Il microcosmo collegio
Nel collegio i rapporti con i compagni e i superiori sono regolamentati da due contratti sovrapposti
(legge e costume giovanile) e la mobilità sociale è garantita da un sistema meritocratico, il più delle
volte; ma c’è comunque l’umanità più disparata, e questo lo rende una vera società in miniatura.

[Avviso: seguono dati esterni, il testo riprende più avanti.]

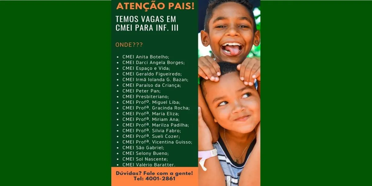A Secretaria Municipal de Educação informa que dispõe de vagas para turmas do Infantil III (crianças nascidas de 01/04/2017 a 31/03/2018) em 20 Cmeis da Rede Municipal.
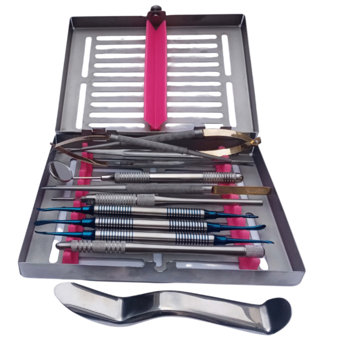 Ultimate Dental Soft Tissue Surgery Kit The Ultimate Dental Soft Tissue Surgery Kit is a premium collection of surgical instruments designed to perform precise and efficient soft tissue procedures in dentistry. Whether used for periodontal surgeries, flap designs, gingivectomy, frenectomy, crown lengthening, or delicate grafting procedures, this kit ensures accuracy, safety, and control for dental professionals.
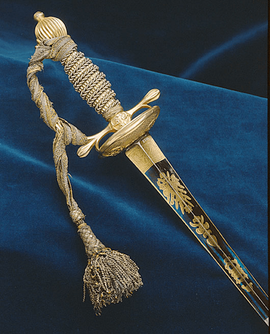 I don’t imagine that this sword was quite so pretty when worn in the Revolution of 1772 by Gustave lll of Sweden! Besides the fact that it is so ornamental, it has a very practical feature; the sword knot. This lanyard attaches to the hilt of the sword and is worn around the wrist, giving the soldier a firmer grip. The sword knot prevents the weapon from being dropped in the heat of battle and frees the hands. Its only function today is purely for ceremonial use.
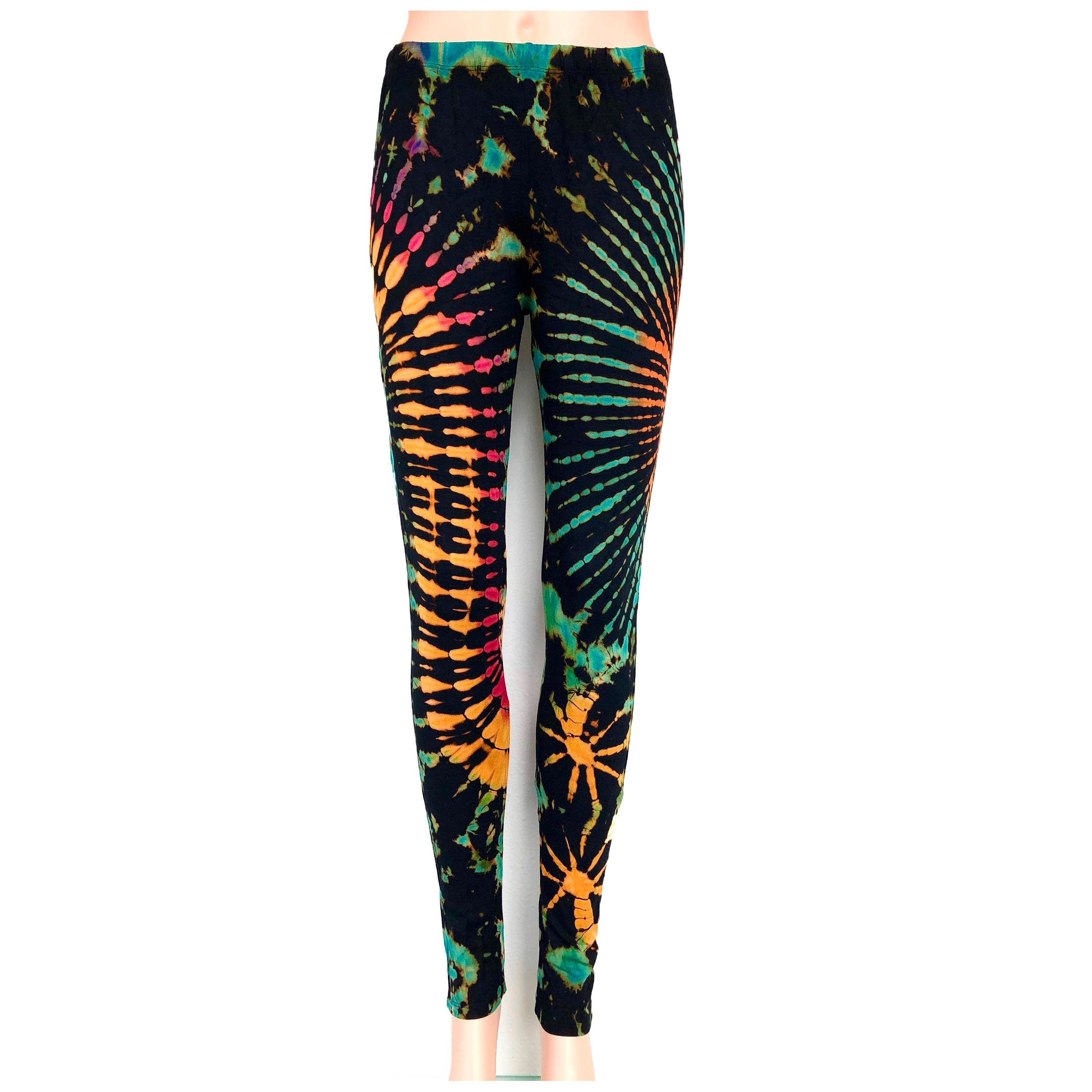 Each pair of leggings is hand dyed and one of a kind. I use the same methods and colors to dye each piece, but the actual results and patterns will vary slightly; making each pc unique. No 2 alike.
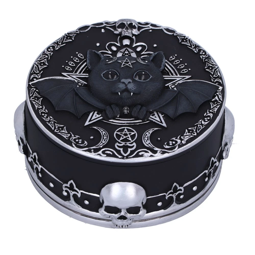 Adaugă un element gotic colecției tale cu cutia de bijuterii "Malpuss" de 10,8 cm. Decorată cu detalii argintii și simboluri satanice, această cutie din rășină pictată manual este perfectă pentru păstrarea micilor comori.
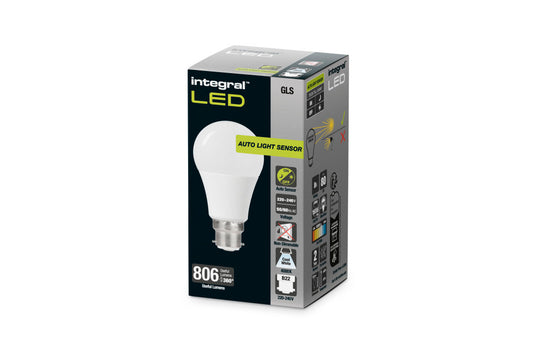 GLS BULB WITH DUSK TO DAWN DUAL SENSOR B22 806LM 8W 4000K NON-DIMM 240 BEAM FROSTED INTEGRAL - ILGLSB22SE143
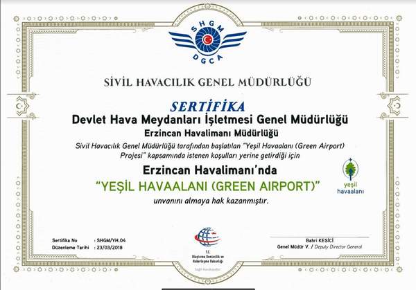 Bu kapsamda Erzincan Havalimanımıza da 23 Mart 2018 tarihinde “Yeşil Havaalanı (Green Airport)” unvanı verildi. Böylece Adana, Tokat ve Uşak Havalimanlarının ardından Yeşil Havaalanı sayımız 4’e çıktı. “Yeşil Kuruluş” sertifikalı havalimanı saysı ise 43’e yükdeldi.
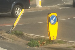 One particular difficulty can be when the vehicle straddles the island so that the sump of the engine acts as a shearing surface and consequently the bollard may become detached. This can be exacerbated as the front of the car typically compresses downwards under hard braking.
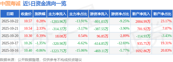 10月22日的资金流向数据方面,主力资金净流出1203.96万元,占总成交额13.91%,游资资金净流出801.03万元,占总成交额9.25%,散户资金净流入2004.99万元,占总成交额23.17%。
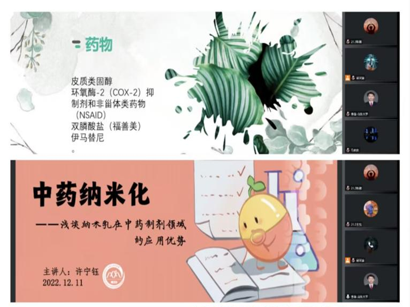 接着,许宁钰就纳米乳在中药制剂领域的应用优势进行了中药纳米化方面的知识分享。许宁钰从中药使用周期长、见效慢这两个特点引出使用纳米化创新性提高中药生产技术的必要性。而后,她从提高中药有效成分的口服生物利用度、增强中药有效成分的靶向作用、延缓中药有效成分的释放三方面依次展开,帮助同学们深入了解了纳米乳的优势。
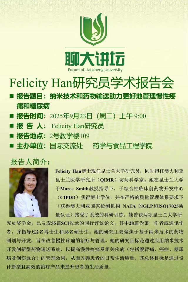 2025年9月23日,OK138太阳集团国际交流处与我院于2# 109联合举办“纳米技术和药物输送助力更好地管理慢性疼痛和糖尿病”主题学术报告会。Felicity Han研究员在报告中分享了基于纳米技术的药物制剂与开发研究成果,其聚焦的创新型药物递送系统,为慢性疼痛、糖尿病等疾病的管理与治疗提供了新的思路与方向,相关研究已在提升患者生活质量方面展现出重要潜力。

Brofferio lo descrive come una piccola società, caratterizzata dai suoi riti, dal suo linguaggio, dalle
sue regole, dai suoi membri. Nonostante alcuni ricordi siano penosi, esperienze traumatizzanti,
l’esperienza del collegio è integrata nella prospettiva generale di una Bildung personale. Diventa un
passaggio obbligato, una tappa esistenziale attraverso la quale bisogna passare per costruire la
propria identità. Il collegio è il luogo in cui sperimentare la propria individualità rispetto agli altri. Il
collegio è uno strumento di formazione e civilizzazione individuale, il quale prepara i giovani
uomini alla società che li attende e di questo gli autobiografi sono consapevoli. Il collegio è una
società, nel collegio vi è uno scambio di opinioni, libertà politica.